Reshoring won’t work for all companies, but for those with specific needs for quality assurance, intellectual property protection, or proximity to their end market, it may provide unmatched long-term benefits in a shifting global landscape.

Diversification as a Risk Management Strategy

While exploring alternative manufacturing options may be a viable short-term solution for businesses seeking to minimize disruption from trade tensions, long-term risk management strategies should also focus on diversifying supply chain operations. This includes building relationships with multiple suppliers in different regions to mitigate potential risks and reduce reliance on any single source. As the landscape of manufacturing continues to evolve, diversification will be key in mitigating risk and ensuring sustainable growth for businesses. So, it is essential for businesses to continuously assess and adapt their supply chain strategies to remain competitive in the global marketplace.

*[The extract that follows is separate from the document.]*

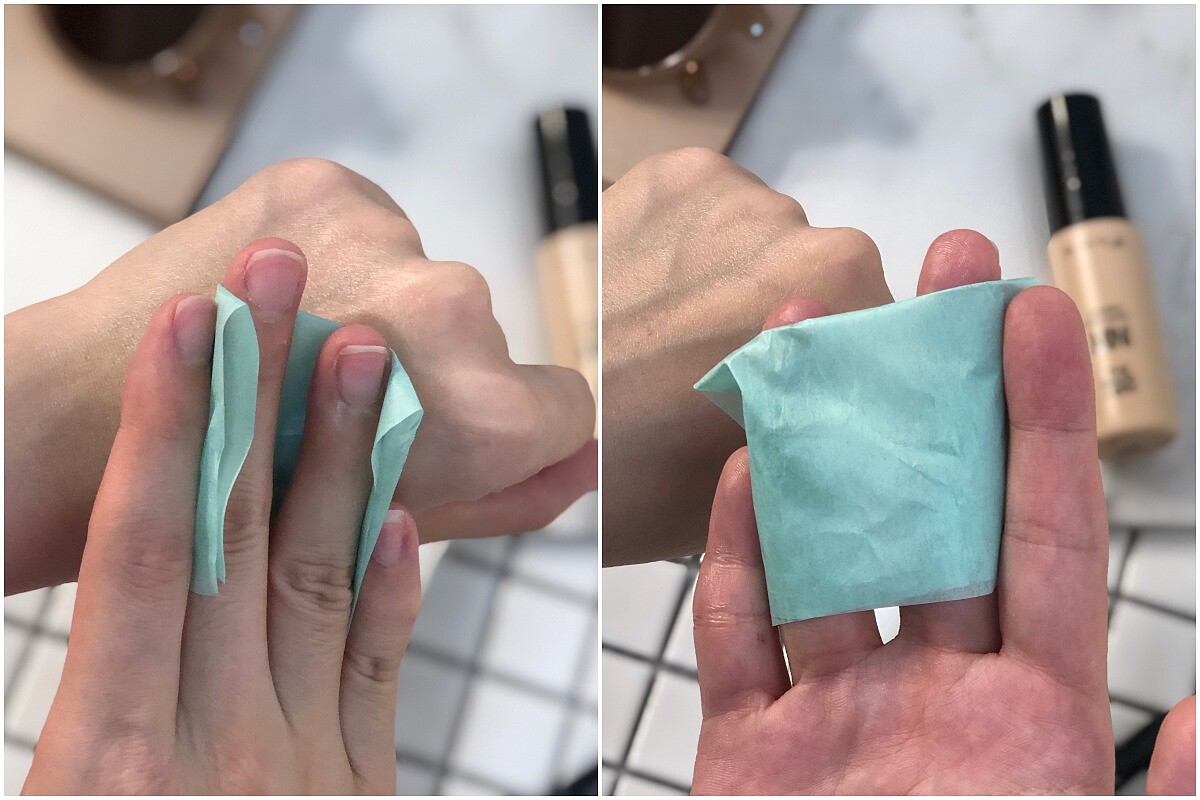 除了強效隔離紫外線與對抗髒空氣,清爽質地絕對是零瑕肌密高效防曬隔離霜的重點之一,在使用隔離霜後,以吸油面紙測試,沒有太多殘留的隔離霜,且清爽不厚重。

Positioning for Tomorrow’s Supply Chain

The potential tariffs and trade conflicts represent a seismic shift in how businesses will operate their supply chains, but these changes also present opportunities to build more resilient and efficient manufacturing programs. Vietnam and Costa Rica offer flexible and cost-effective alternatives for manufacturing outside traditional hubs, while reshoring certain operations to the U.S. could yield long-term advantages for companies heavily reliant on contract manufacturing.

The key is to act now. Evaluate your current supply chain vulnerabilities, explore the regions best suited for your business needs, and adapt to this new era of global trade dynamics. Organizations that respond with agility and innovation stand to lead—not just survive—in the face of changing policies.